If you do integration by parts twice and the second time "swap" u and dv, that will always happen.

Perhaps what you mean is that you again let $dv= e^x$ and $u= \frac{1}{x}$ so that you would up with
[tex]e^x lnx dx= e^x lnx- \frac{1}{x}+ \int\frac{e^x}{x^2}dx[/itex]
and continuing just gives you higher and higher powers in the denominator: Okay, that's good. What eventually happens is that, in the limit, you get ln x plus an infinite series. The integral cannot be done in terms of "elementary" functions.

 

[Pythagorean]

If, when solving by parts, you ever end up with your original integral, you can substitute a algebraically (like substitute the letter I for the origingal integral anywhere you see it) then just solve for I and that's your solution.
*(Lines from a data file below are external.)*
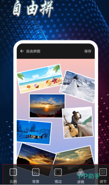 功能简单实用,不仅有100多种布局的照片拼贴,还可根据自己的需求来编辑图片,有滤镜、文本、贴纸、涂鸦等等一系列的功能,全程助力拼接出个性的照片。支持多达20张照片的自由拼图,有上百种风格的布局都可免费使用,而且还有上百种艺术相框让用户选择,以及100多种高质量的滤镜,还可在照片中添加不同风格的艺术字样。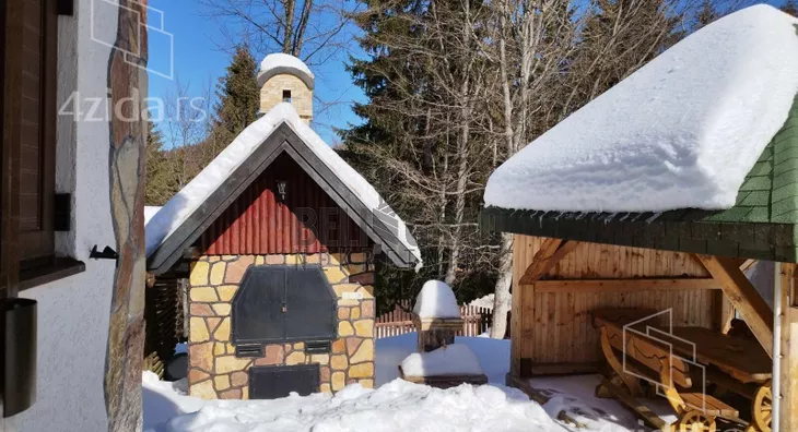 Uknjižena kuća na 67 kvm. Drugi nivo ima isto 67 kvm. Idealna investicija nalazi se na 1450m nadmorske visine prodaje se kompletno nameštena veoma kvalitetnim stvarima i tehnikom. U neposrednoj blizini svih sadržaja, a opet dovoljno uvučena od gužve, pruža mir i osećaj čiste prirode. Ova kuća poseduje veoma lepo dvorište sa pomoćnim objektima i izidanom pečenjarom. Prostorije: I nivo - hodnik, dnevna soba, trpezarija, ostava, kupatilo, kotlarnica; II nivo - pet spavaćih soba, kupatilo. Agencijska provizija 2%.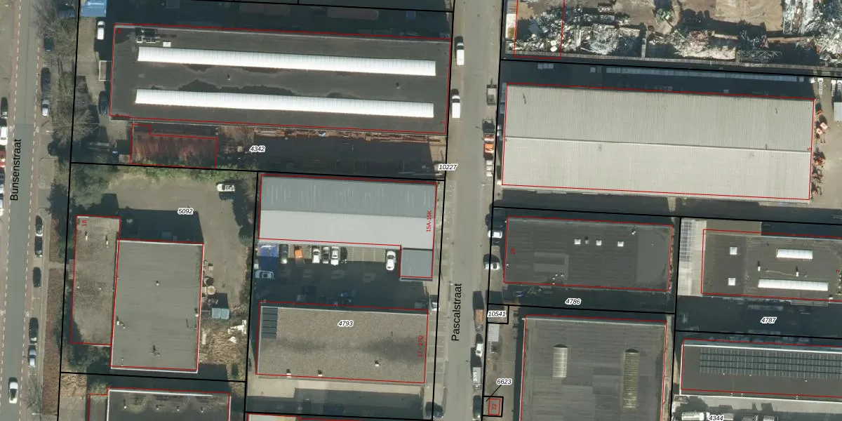 Het perceel waarop Pascalstraat 15-D staat heeft een oppervlakte van 2545 m². Dit is een zeer groot perceel. De perceeloppervlakte wordt geregistreerd door het Kadaster. Gedetailleerde informatie over de maten van dit perceel kunt u vinden in het rapport Kadastrale kaart met maatvoering van Pascalstraat 15-D.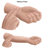 • Using the first and second fingertips, press firmly but gently on the arteries until you feel a pulse.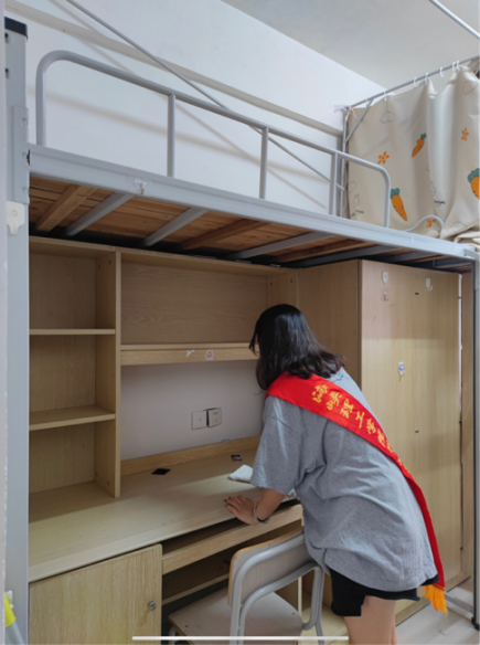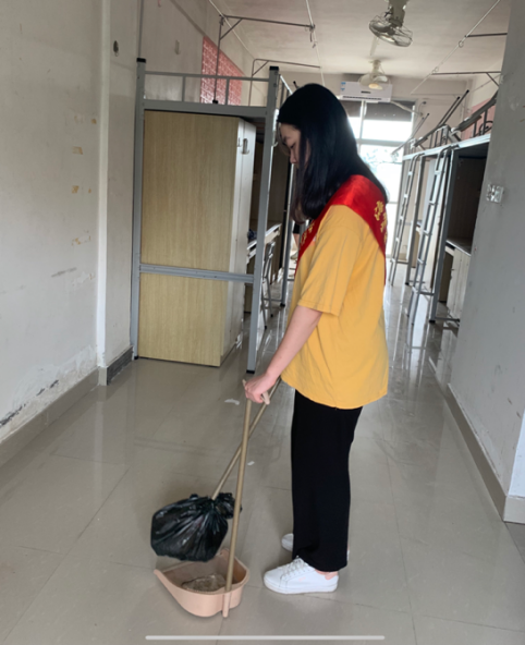 活动中,学生党员们自带抹布、扫帚等打扫工具,按照清扫任务安排,各自来到自己的责任宿舍,认真擦洗新生床铺,打扫宿舍公共区域卫生。经过40多分钟的劳动,每位党员都“战果累累”,新生宿舍全部焕然一新,目光所及之处干净整洁。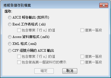 - 在「報告產生器」對話方塊中,選取「儲存到檔案」。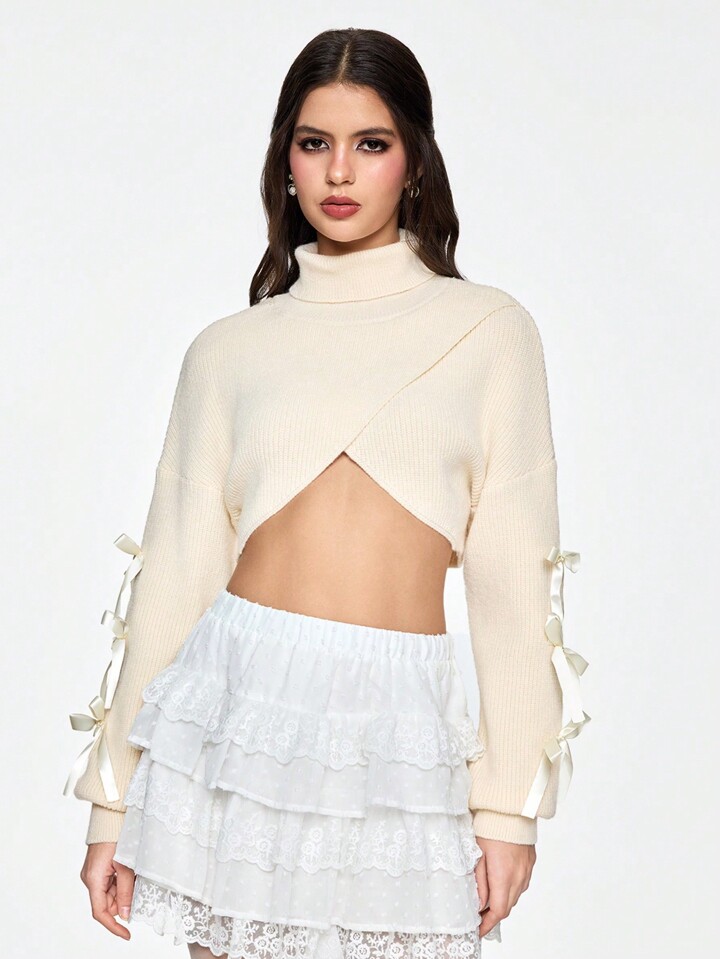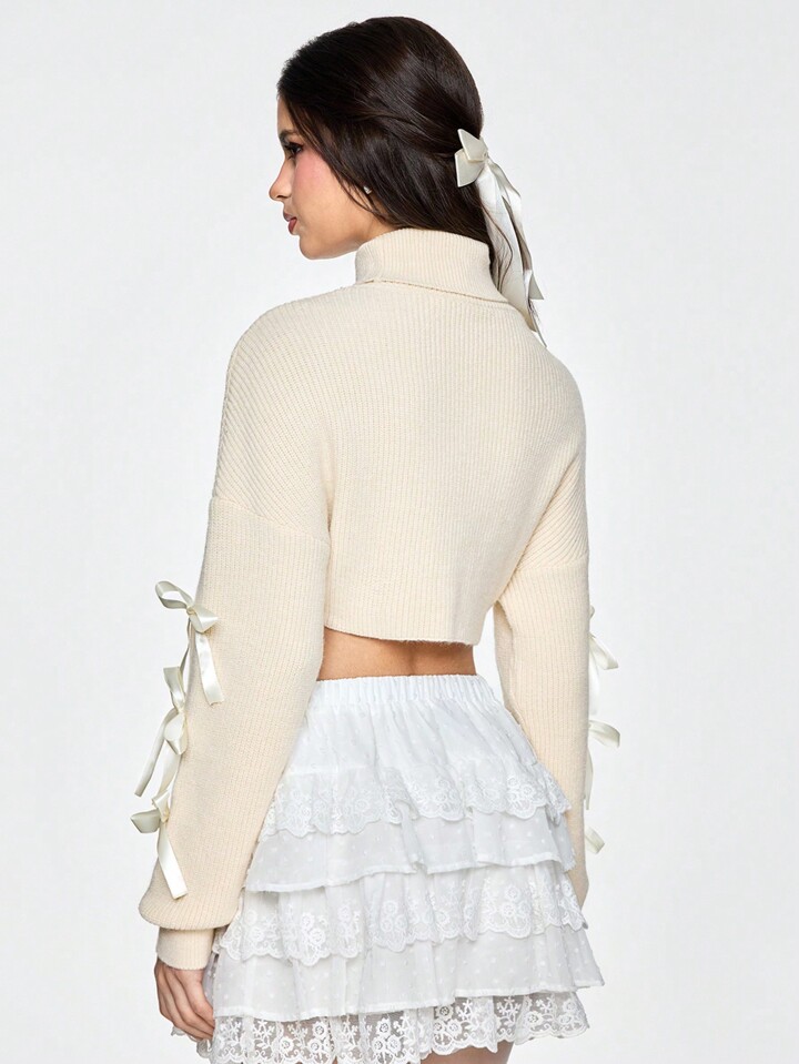 Kawaii Women Simple Crewneck Asymmetrical Hem Ribbon Bow Knit Sweater, Versatile All-Match Design

My professor broke solving by parts into three different types, and he called that one "around the world"

 

[eljose]

If by "looping", you mean that you let $dv= \frac{1}{x}$ and $u= e^x$ and everything canceled out leaving you with
[tex]\int e^x lnx dx= \int e^x ln x dx[/itex]
Of course!

If you do integration by parts twice and the second time "swap" u and dv, that will always happen.
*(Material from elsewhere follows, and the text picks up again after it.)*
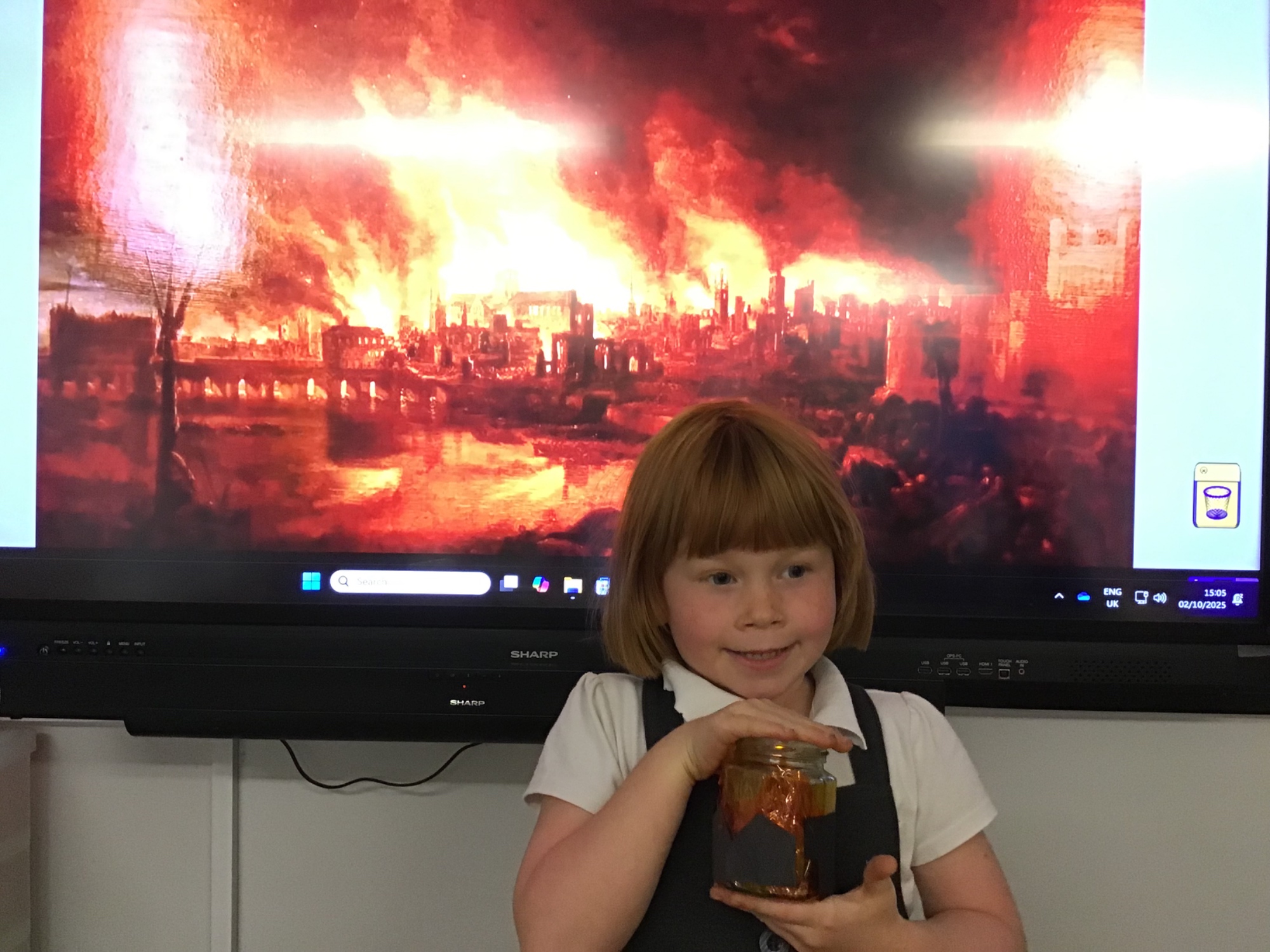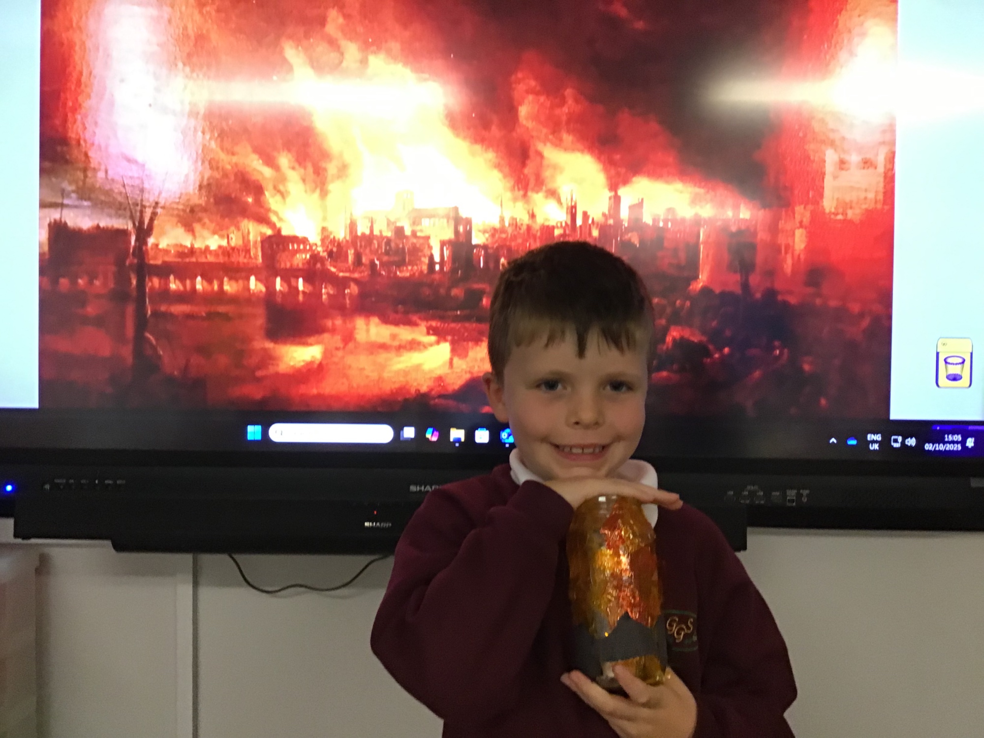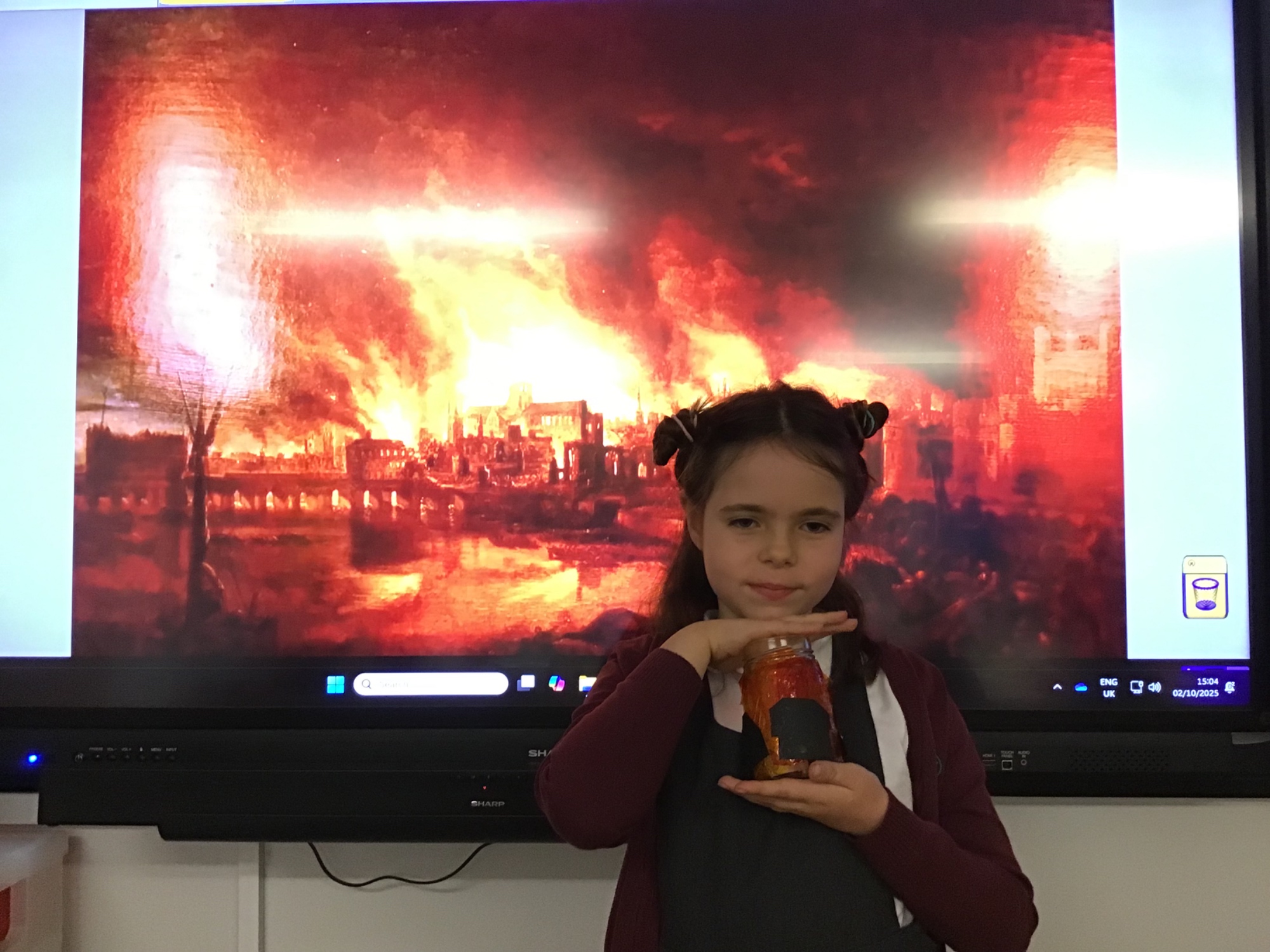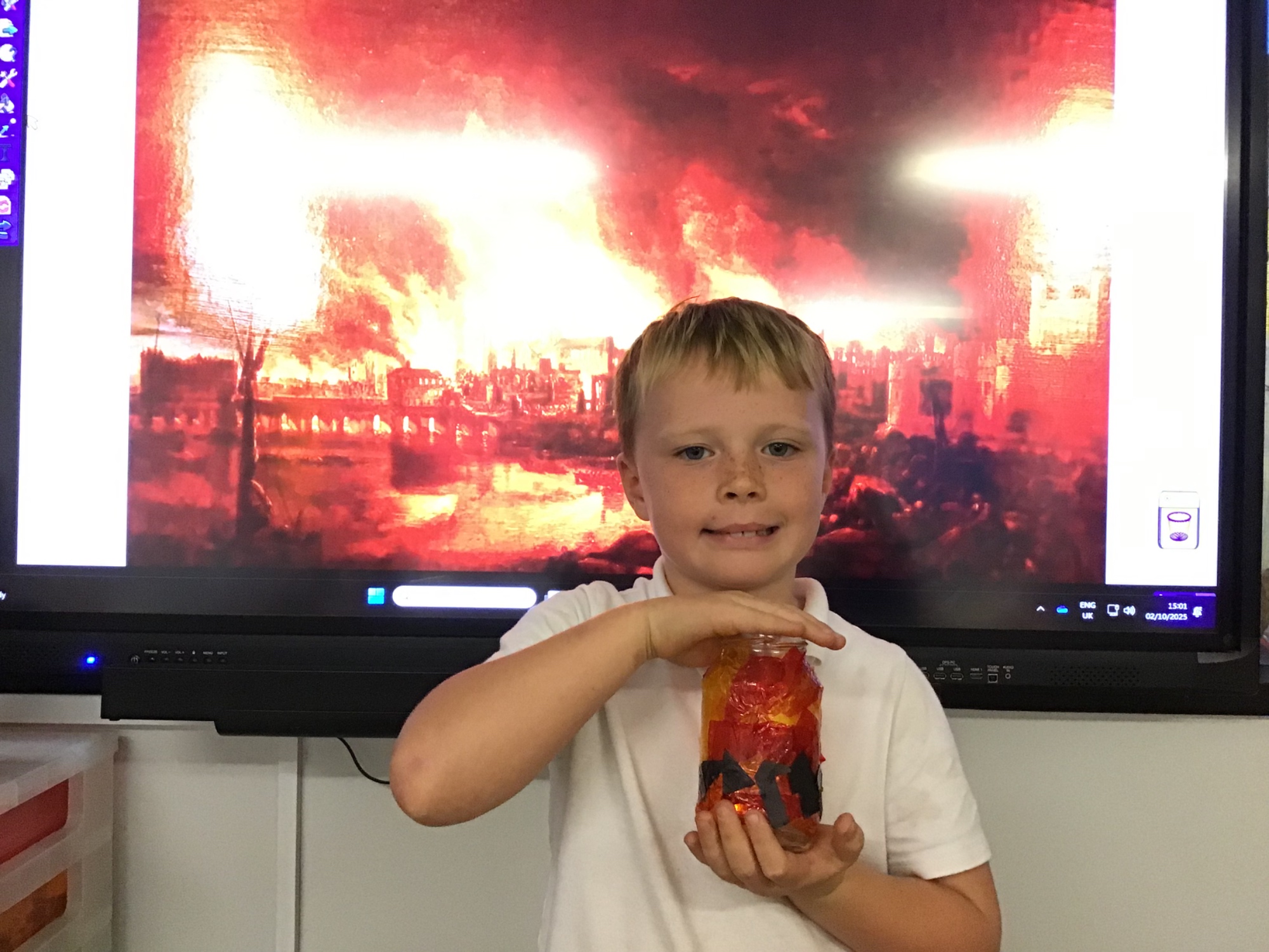 The children created the Great Fire of London in a jar.  They worked very carefully and remembered the different scientific properties of the materials they used.

Perhaps what you mean is that you again let $dv= e^x$ and $u= \frac{1}{x}$ so that you would up with
[tex]e^x lnx dx= e^x lnx- \frac{1}{x}+ \int\frac{e^x}{x^2}dx[/itex]
and continuing just gives you higher and higher powers in the denominator: Okay, that's good. What eventually happens is that, in the limit, you get ln x plus an infinite series. The integral cannot be done in terms of "elementary" functions.
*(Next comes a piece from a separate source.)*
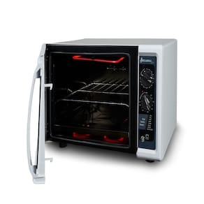 Forno elétrico Fischer Hot Grill Line com capacidade de 44 litros, timer de até 120 minutos, controle de temperatura de 50°C a 320°C, dourador, porta com vidro duplo e isolamento térmico total.Forno autolimpante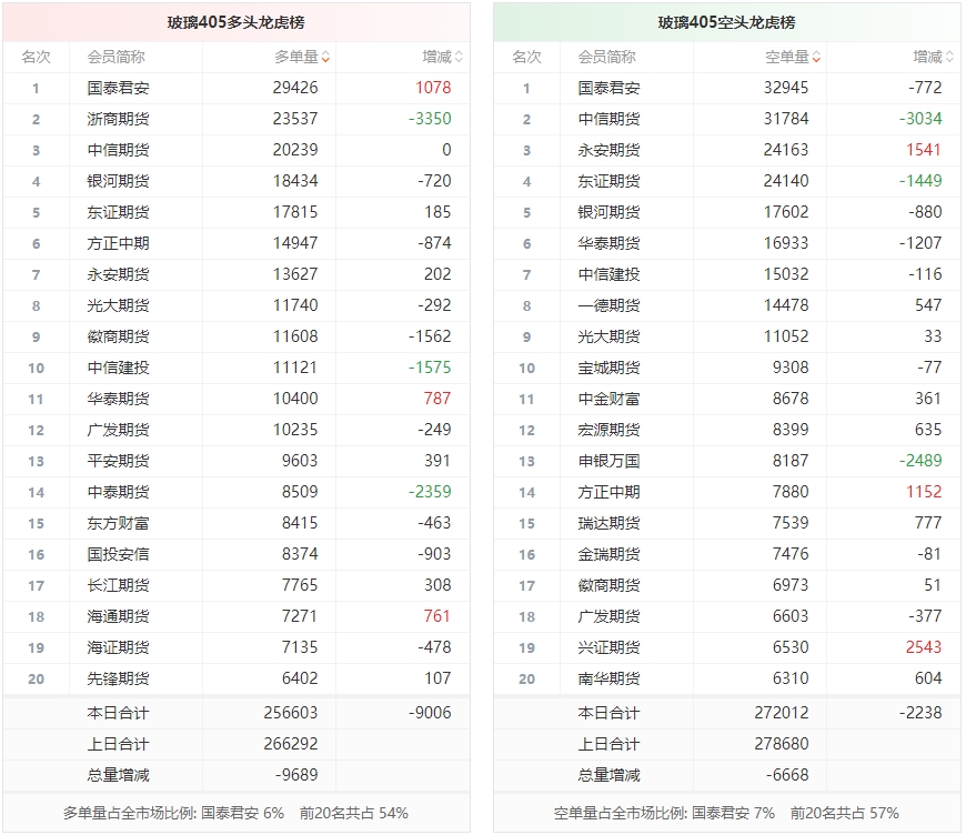 总体而言,玻璃405合约今日减仓上行,多空持仓排名前20席中,多空双方均呈退场态势,多头退场意愿强于空头。

Except for the case $$\int_0^{\infty}dxe^{-ax}lnx=-\frac{\gamma+lna}{a}$$ which is exact.

 

[matt grime]

Your integral is a definite integral, the other is not, moreover, what is gamma?

 

[gnomedt]

Gamma is probably the Euler-Mascheroni Constant (not 2.718...).

http://mathworld.wolfram.com/Euler-MascheroniConstant.html

 

[Orion1]

$$\text{ExpIntegralEi}[x] = - \int_{-x}^\infty \frac{e^{-t}}{t} dt$$

Mathematica solution:
$$\int e^x ln{x} dx = \int_{-x}^\infty \frac{e^{-t}}{t} dt + e^x ln x$$

---

$$\gamma$$ - EulerGamma (Euler-Mascheroni Constant)

$$\text{ExpIntegralEi}[z] = \sum_{k=1}^\infty \frac{z^k}{kk!} + \frac{1}{2} \left[ ln z - ln \left( \frac{1}{z} \right) \right] + \gamma$$

$$\int_{-z}^\infty \frac{e^{-t}}{t} dt = \sum_{k=1}^\infty \frac{z^k}{kk!} + \frac{1}{2} \left[ ln z - ln \left( \frac{1}{z} \right) \right] + \gamma$$

Orion1 solution:
$$\int e^x ln{x} dx = \sum_{k=1}^\infty \frac{x^k}{kk!} + \frac{1}{2} \left[ ln x - ln \left( \frac{1}{x} \right) \right] + e^x ln x + \gamma$$

Reference:
http://functions.wolfram.com/GammaBetaErf/ExpIntegralEi/02/

http://mathworld.wolfram.com/Euler-MascheroniConstant.html

 

[ashu_manoo12]

if "lnx" is the anle of any trignometric function. like intergration of "sinln dx "

 

[d_leet]

if "lnx" is the anle of any trignometric function. like intergration of "sinln dx "

What? That made absolutely no sense whatsoever? ln(x) is the natural logarithm of x.